/business_analysis_sql

Using the the Chinook database to answer business questions with SQL and Python

Primary LanguageJupyter Notebook

Data Analysis for the Chinook Record Store

Chinook is a sample database available for SQL Server, Oracle, MySQL, etc. It can be created by running a single SQL script. The Chinook data model represents a digital media store, including tables for artists, albums, media tracks, invoices and customers.

Contents

  • Helper Functions
  • Database Schema
  • Selecting Albums to Purchase
  • Analyzing Employee Sales Performance
  • Analyzing Sales by Country
  • Summary & Additonal Questions

Here we act in the role of a data analyst tasked with answering business questions for the "Chinook Record Store" using SQL and standard python packages such as Pandas and Matplotlib.

Database Schema

Selecting Albums to Purchase

The Chinook record store has just signed a deal with a new record label, and we've been tasked with selecting the first three albums that will be added to the store, from a list of four. All four albums are by artists that don't have any tracks in the store right now - we have the artist names, and the genre of music they produce:

Artist Name Genre
Regal Hip-Hop
Red Tone Punk
Meteor and the Girls Pop
Slim Jim Bites Blues

The record label specializes in artists from the USA, and they have given Chinook some money to advertise the new albums in the USA, so we're interested in finding out which genres sell the best in the USA.

We will query the Chinook database to find out which genres sell the most tracks in the USA.

Alternative & Punk is the clear winner, so the artist Red Tone should be a good choice for our customers. Blues is the next contender (by a far margin from Punk), so Slim Jim Bites is the 2nd choice.

Analyzing Employee Sales Performance

Each customer for the Chinook store gets assigned to a sales support agent within the company when they first make a purchase. We will analyze the purchases of customers belonging to each employee to see if any sales support agent is performing either better or worse than the others.

Here we can clearly see the differences in sales between the 3 employees at Chinook store. The difference in sales correlate with the difference in their hire dates (see notebook).

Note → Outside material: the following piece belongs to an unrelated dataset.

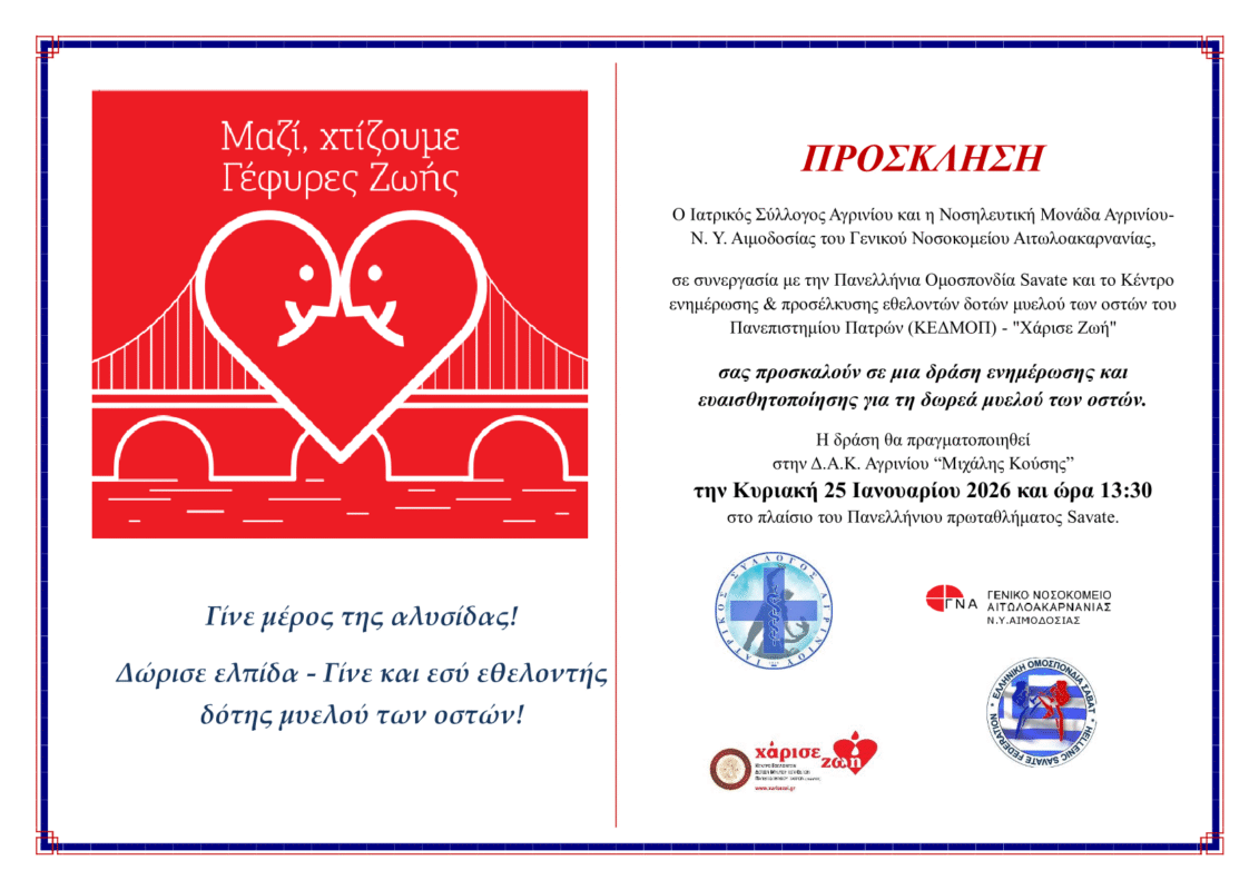Ο Ιατρικός Σύλλογος Αγρινίου και η Νοσηλευτική Μονάδα Αγρινίου Ν. Υ. Αιμοδοσίας του Γενικού Νοσοκομείου Αιτωλοακαρνανίας,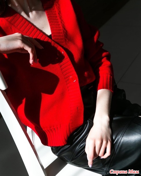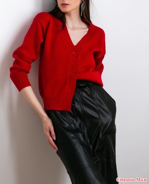 Костюм красный. Связан из итальянского хлопка 1500м в 4 нити на машине Бразер 5 кл. Юбка зауженая к низу, пояс присобран на широкую резинку 2*2. Укороченый карди прямого силуэта со спущеным плечом. Читать полностью

Analyzing Sales by Country

Here we analyze the sales data for customers from each different country to determine which countries have potential for growth. We have been given guidance to use the country value from the customers table, and ignore the country from the billing address in the invoice table.

In particular, we have been directed to calculate data, for each country, on the:

  • total number of customers
  • total value of sales
  • average value of sales per customer
  • average order value

Note: Because there are a number of countries with only one customer, these customers will be grouped as "Other" in the analysis.

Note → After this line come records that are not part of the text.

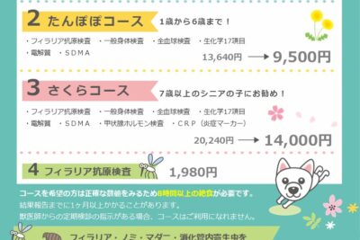 3月1日5月31日までワンちゃんのフィラリア予防を兼ねた健康診断キャンペーンを実施します。 フィラリア予防は4月中に開始していただければ安全ですが、 4月、5月は混雑しますので、なるべくお早目にお越しください。 また、せっかくの採血の機会(みんなフィラリア検査が必須)ですので...
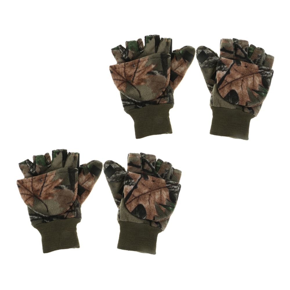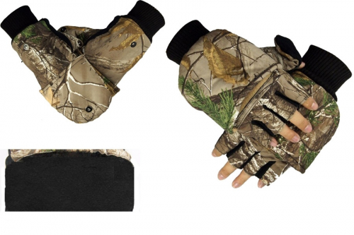 Перчатки - варежки с клапаном на липучке, ткань двойной флис, ладонь иск. кожа, цв. лес (6-005)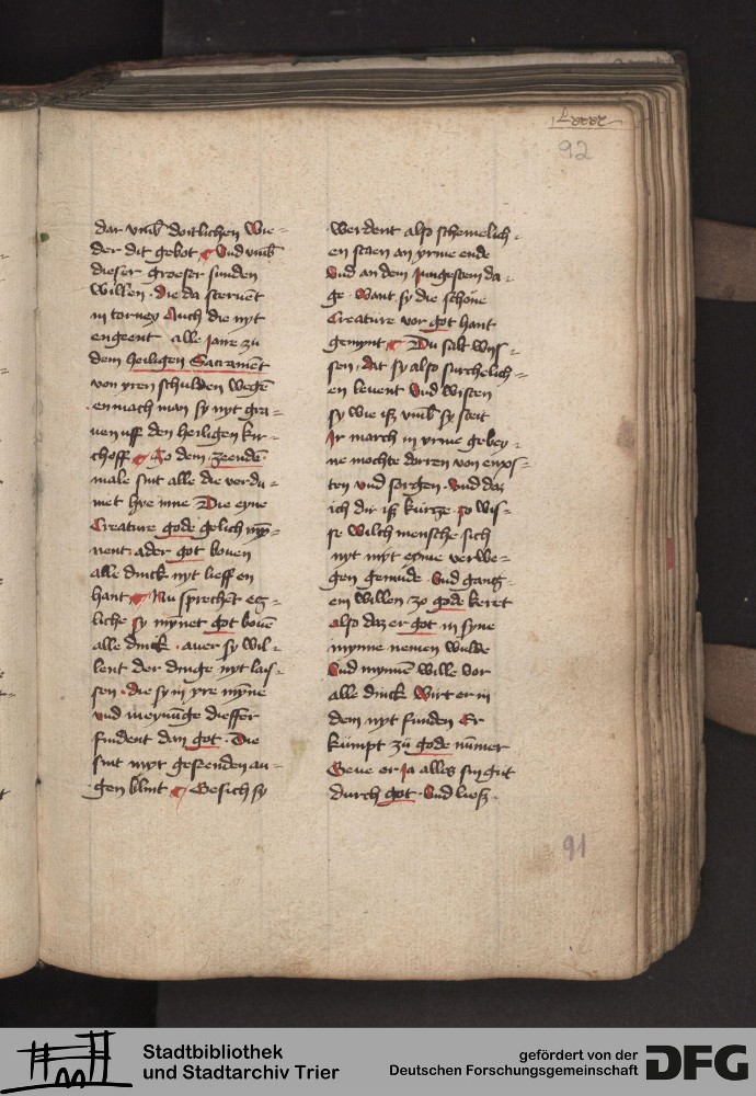 - TextGrid Repository (2017). Stadtbibliothek und Stadtarchiv Trier, 814/1340 4°: Sammelhandschrift. Inhalte. Stadtbibliothek und Stadtarchiv Trier Hs. 814/1340 4°. Dialog über die 10 Gebote. Blatt 91r. Blatt 91r. Virtuelles Skriptorium St. Matthias. Stadtbibliothek und Stadtarchiv Trier. https://hdl.handle.net/11378/0000-000A-0337-5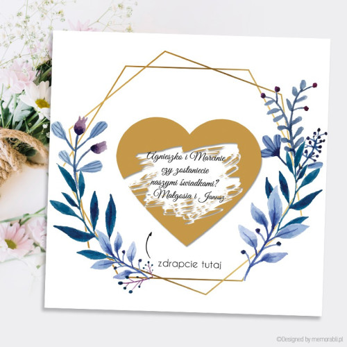 Zostaniecie naszymi świadkami - kwiaty geometryczny kształt - kartka zdrapka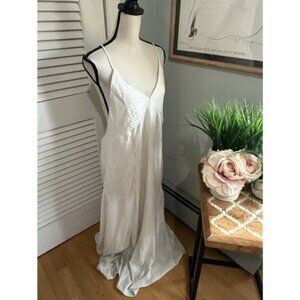 HUNTER BROWN Womens Dress XL Cream Striped Maxi Plunging V Neck Halter Backless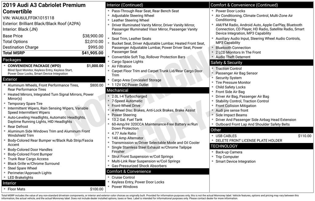 Black 2019 Audi A3 2.0T Premium FrontTrak FrontTrak 7-Speed Automatic S tronic 2.0L 4-Cylinder TFSI ***5-DAY SPECIAL***BUY BEFORE AUCTION***HAS PASSED NC STATE INSPECTION***LAST DAY TO PURCHASE IS 12/24!***CALL TO SET UP AN APPOINTMENT NOW!***, Leather.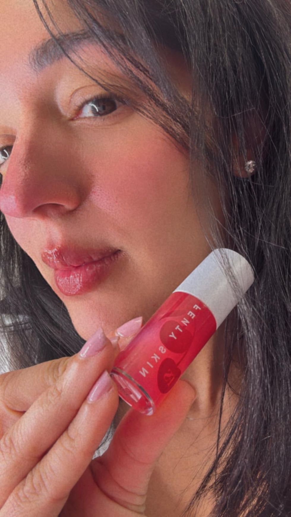 The cherry treat conditioning lip oil is what you'd wear in a kissing scene. It glides on like a dream, smells like a cherry popsicle, and leaves your lips soft and glossy. Think skincare with a flirty twist.

From the table and figures above we can clearly see that most of the Chinook store customers and sales orginate from the US and Canada, with a large portion of profits originating from single customers in countries spread across the globe. In additon, it appears that there are a few customers in the Czech Republic that make large purchases (large % total sales relative to % customers).

When asking how the average order in each country from the mean of global average orders; it is revealed that there are a few countries with orders that are over 10 % greater than global orders. Based on this data, there may be opportunities in these counties:

  • Czech Republic
  • Unitied Kingdom
  • India

Note: The amount of data used in this analysis is minimal. As such colletcting more data regarding these customers in these countries could provide more confidence in these results and should be considered before allocating resources to these markets.

Summary & Additional Questions

Here we utilized a sample database to peform analyses regarding genre popularity, employee performance, and global sales using SQL and python.

In addition to the business questions above, we could answer additional business questions such as

  • Which artists are most popular?
  • How many tracks have been purchased vs not purchased?
  • What are the characteristics of unpurchased tracks?
  • Is the range of tracks in the store reflective of their sales popularity?
  • Do protected vs non-protected media types have an effect on sales?